Numerical study on the effects of baffle geometric parameters on flow and heat transfer performance in microchannels

Microchannel heat exchangers are widely employed in high heat flux scenarios due to their high compactness and heat transfer efficiency. However, the laminar flow dominance within them leads to the thickening of the thermal boundary layer, which limits further enhancement of thermal performance. This paper aims to systematically investigate, via numerical simulation, the impact of key geometric parameters (shape, size, and spacing) of baffle structures on the flow and heat transfer characteristics within microchannels, to identify the design that optimizes the overall performance evaluation criterion (PEC). A three-dimensional conjugate heat transfer model was developed.

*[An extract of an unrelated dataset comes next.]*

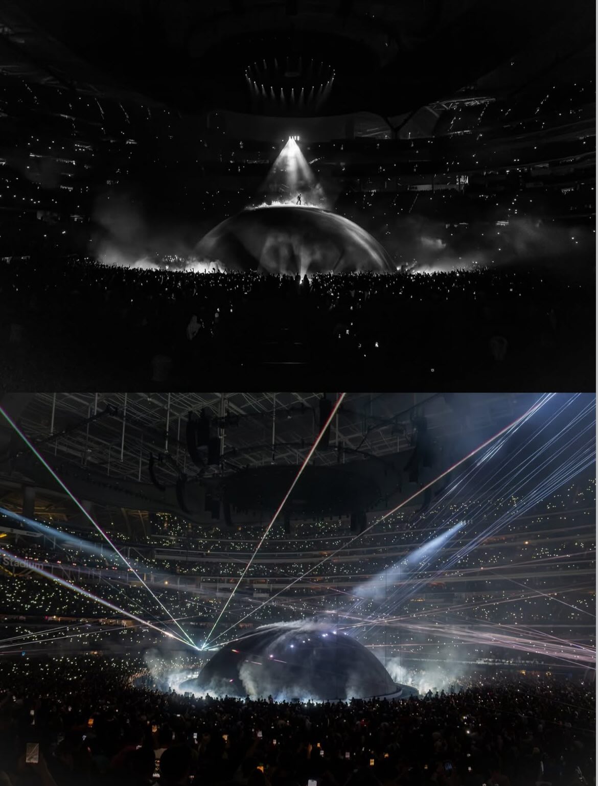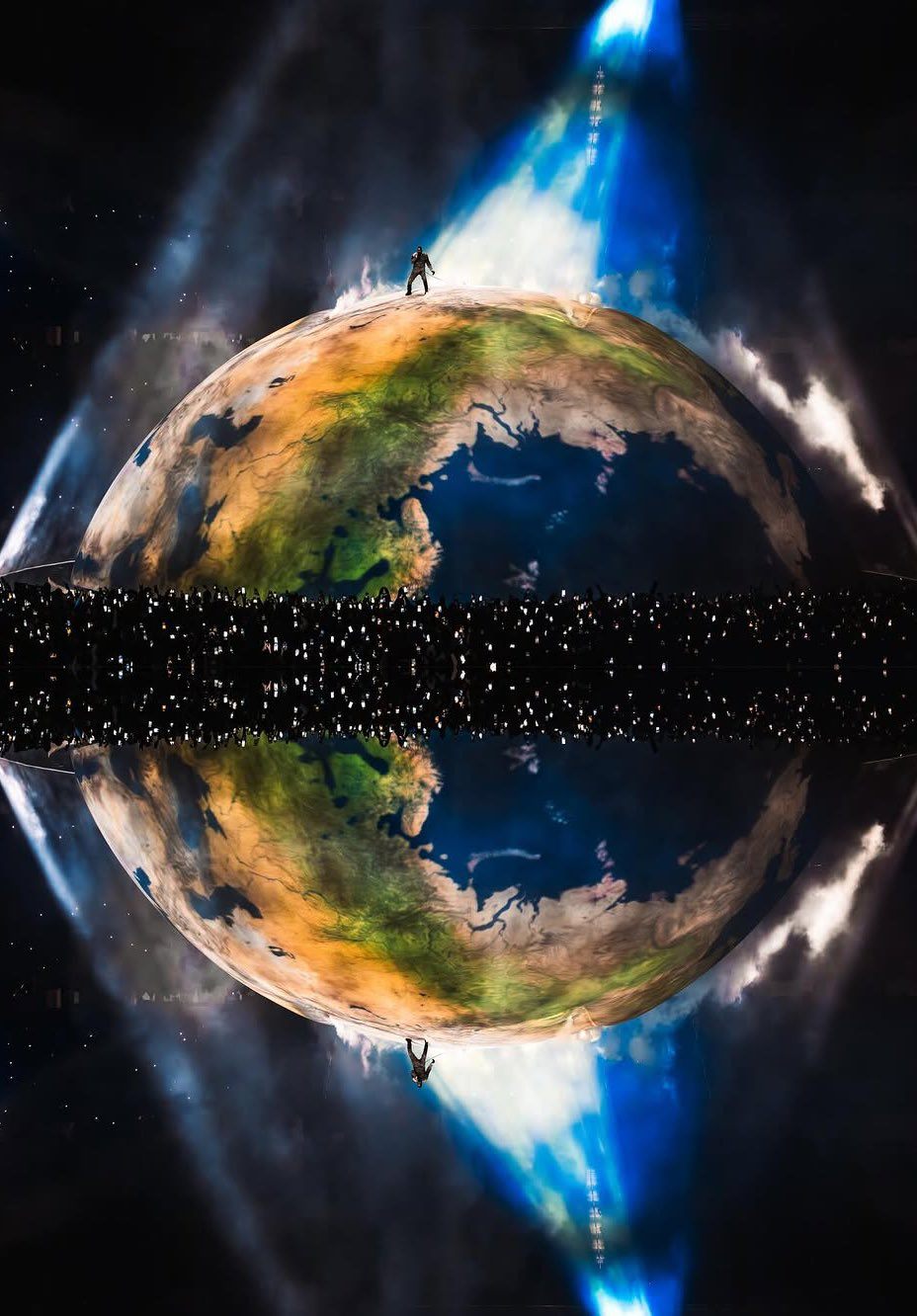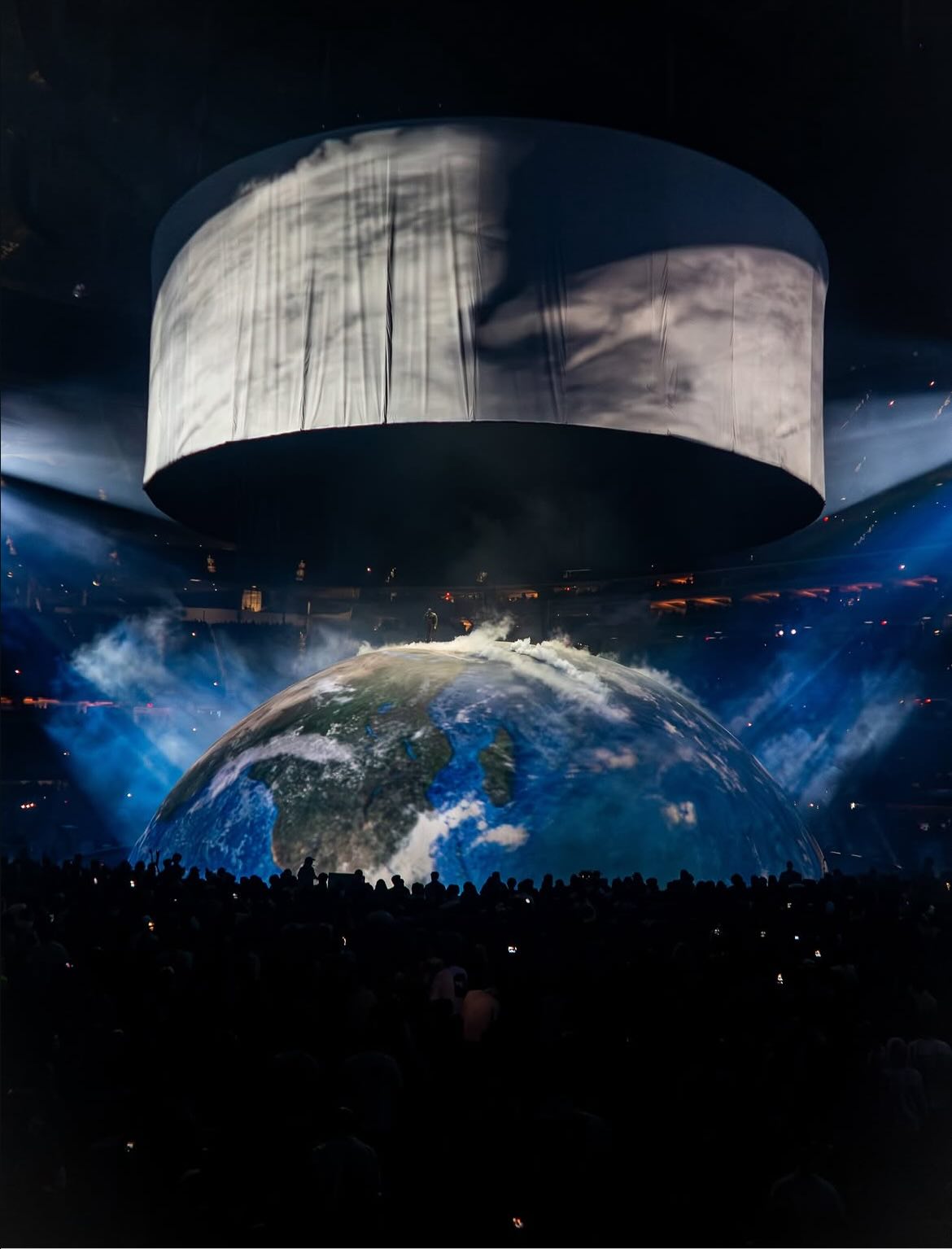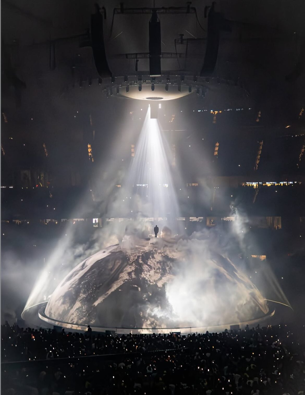 Đêm diễn tại SoFi Stadium đánh dấu màn tái xuất lớn của Ye trên đất Mỹ sau nhiều năm vắng bóng. Thay vì một concert thông thường, anh tiếp tục biến nó thành một “tác phẩm nghệ thuật sống”. Trung tâm sân khấu là concept mang tên “The Giant Earth” - một mô hình Trái Đất khổng lồ được dựng bằng hệ thống LED phức tạp, liên tục xoay chậm và biến đổi bề mặt hình ảnh. Không có vũ công, không dàn dựng đông người, toàn bộ không gian gần như bị “rút gọn” về mức tối thiểu. Giữa sân vận động khổng lồ, chỉ có một con người đứng trên đỉnh thế giới, giữa khói dày đặc và ánh sáng lạnh phủ kín. Hình ảnh đó được nhiều khán giả mô tả như “một con kiến đơn độc trên gò đất kỹ thuật số” - nhỏ bé nhưng mang tính biểu tượng mạnh mẽ, gợi cảm giác cô lập, bất an và lạc lõng.

Numerical simulations were conducted over a Reynolds number (Re) range of 477 to 1454. The results indicate that among the three shapes of protrusions and cavities studied-rectangular, triangular, and semi-circular-the semi-circular protrusion baffle achieves the highest PEC of up to 1.098. Its streamlined profile effectively disrupts the thermal boundary layer and induces vortices while maintaining a favorable pressure drop. Regarding size, the highest PEC values were generally observed when the ratio of the total baffle height to the channel width was 0.5. For the arrangement, a spacing of three times the baffle height yielded the optimal performance, with a peak PEC of 1.242, whereas closer spacing resulted in deteriorated overall performance due to a significant pressure drop penalty. Based on the optimal parameter combination, an empirical Nu-Re correlation was established for performance prediction. This study provides a theoretical foundation and optimization strategy for the design of high-performance microchannel heat exchangers.